В конечном счете человек и сам начинает определять себя в категориях бескачественной массы: как «простых», «открытых», «терпеливых» (пассивных, т. е. не участвующих в политике) людей, обретающих максимум семантической полноты значений только по отношению к внешнему миру. «Мы» становимся гражданами «великой державы», «империи», обладающей правом диктовать свою волю другим странам и народам. Сила (потенциал насилия) выступает как единственный критерий символической значимости и маркер социального статуса (в мире или внутри страны). Оправдание такого порядка производится путем апелляции к героическому прошлому СССР или имперской России: к мифам русского милитаризма, к эпохам завоеваний и расширения территории, к моральному авторитету победителя в войне с нацистской Германией, к обладанию ядерным оружием. В этой системе координат легитимность вертикали власти все сильнее и сильнее привязывалась к мифологическому прошлому.
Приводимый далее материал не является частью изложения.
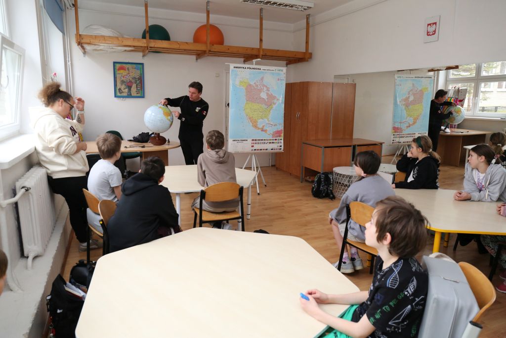 Było to arcyciekawe spotkanie, w którym wykorzystano wiedzę, słowo, mapę, globus. Nie było komputera, rzutnika, smartfona i niebieskich ekranów. To wystarczyło by nawiązać wzajemny kontakt oraz sprowokować do zadawania zaskakujących pytań... Zaplanowane na godzinę zajęcia przedłużyły się na kolejną lekcję.

Однако значимость коллективных символов и ценностей резко снижается (почти до нуля), когда дело касается ценностей частного существования. Здесь соотношение «своего» и «всеобщего» переворачивается, принимая форму оппозиции «мы – они», где «они» означают уже не символические образы своего или чужого «величия», а вполне конкретные представления об административном произволе, алчности, коррупции и эгоизме бюрократического начальства, т. е. о персонифицированных представителях государства, не выполняющего свои социальные обязательства. В этом аспекте отдельный индивид считает себя свободным от обязанностей соответствовать нормам поведения социализированного, «нормального» («советского», «государственного», «как все») человека. Но поскольку другой «общности», другой коллективной солидарности нет или она не воспринимается как сила, такой человек разрешает себе полный отказ от обязательств, цинизм и бесчувственность по отношению к окружающим (но не своим близким), восполняемый демонстративной жестокостью в отношении девиантов любого рода (смертную казнь считают необходимой около 80% россиян, все равно – к убийцам ли, чиновникам-коррупционерам и т. п.).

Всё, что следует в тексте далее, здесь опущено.